Batch writes to edges file #2851

kevinventullo · 2021-02-10T01:09:15Z

Issue

Instead of writing to the edge file inline, keep track of the writes in a
vector in-memory, sort them by edge id, and apply them all at the end. Sorting them
means the writes are now sequential for the edges file, which vastly speeds it up.

In our internal system on the whole world, this reduced the processing time of this stage from 10 hours to about 7 minutes.

Tasklist

Add tests
Add #fixes with the issue number that this PR addresses
Update the docs with any new request parameters or changes to behavior described
Update the changelog

Requirements / Relations

Link any requirements here.

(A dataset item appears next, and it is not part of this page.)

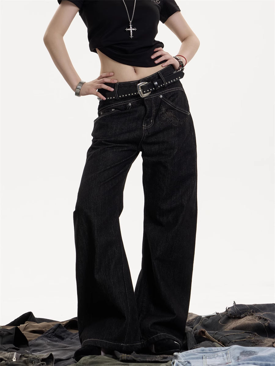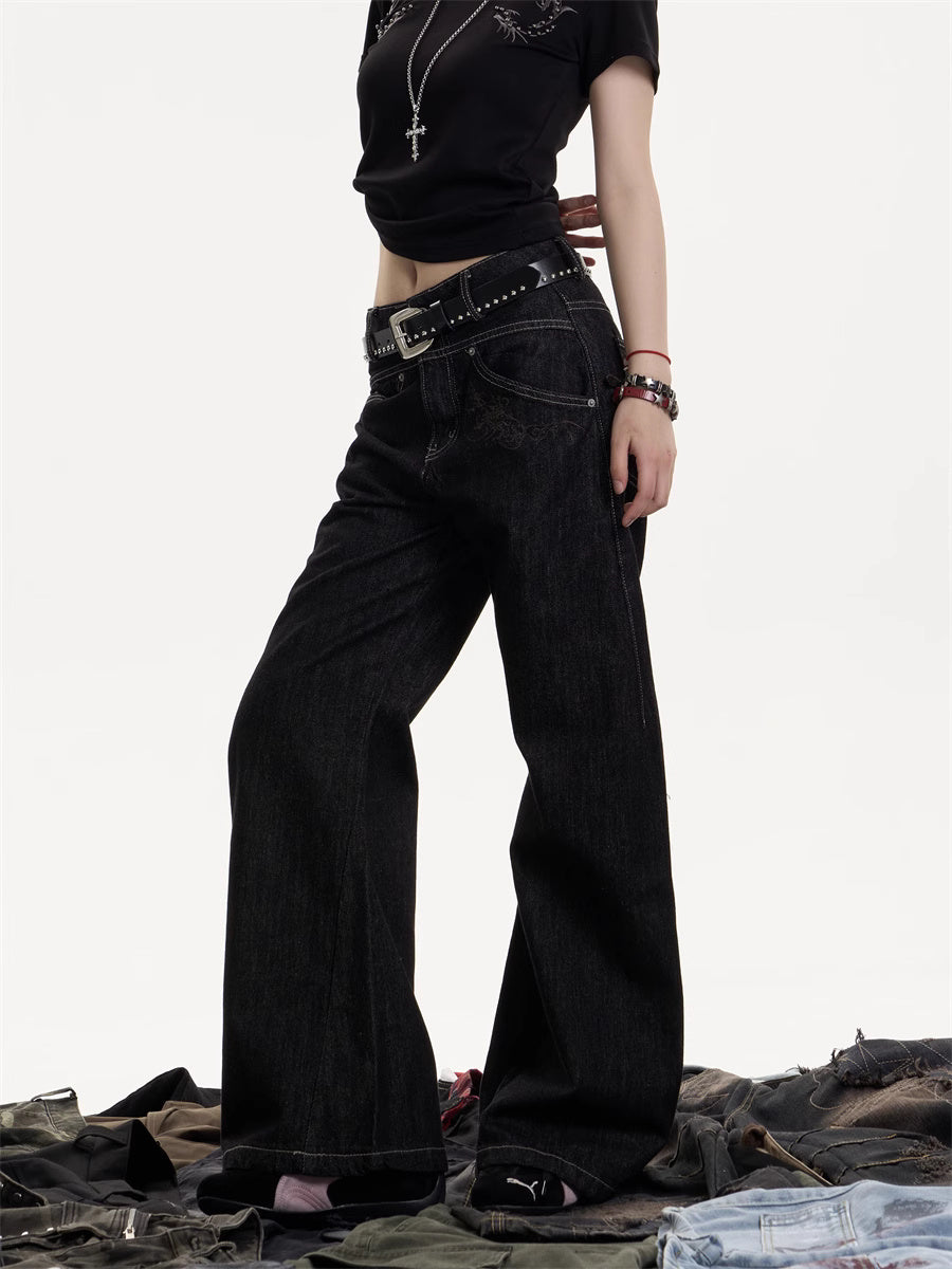 American Retro Cleanfit Wide Leg Jeans Straight Casual Mopping Trousers

Other pull requests this PR is based on?

kevinventullo · 2021-02-10T01:09:44Z

cc @kevinkreiser

kevinkreiser · 2021-02-10T03:15:55Z

src/mjolnir/graphbuilder.cc

  uint32_t run_index = 0;
  uint32_t node_index = 0;
  size_t node_count = 0;
  Node last_node{};
  std::map<GraphId, size_t> tiles;
-  nodes.transform([&edges, &run_index, &node_index, &node_count, &last_node, &tiles](Node& node) {
+  // If these get too large, consider using a sequence instead of a vector here.
+  std::vector<std::pair<uint32_t, uint32_t>> starts, ends;


at 8 bytes per record and about 400000000 graph edges (double that for because of start/end) we get something like 3.2GB (and maybe double that again if we are unlucky with vector allocation). this is definitely close to needing a sequence. would you be opposed to something as simple as a struct (right here above the function) to encapsulate the two indices and then throwing them into a sequence?

Yep, I can do that!

I think it might be easier to have two separate sequences; otherwise you need an extra bit of data for each entry indicating whether it's a start or an end. If instead the sequence was a mapping [edge -> (start,end)], you run into the same random insert issue as you iterate through the nodes.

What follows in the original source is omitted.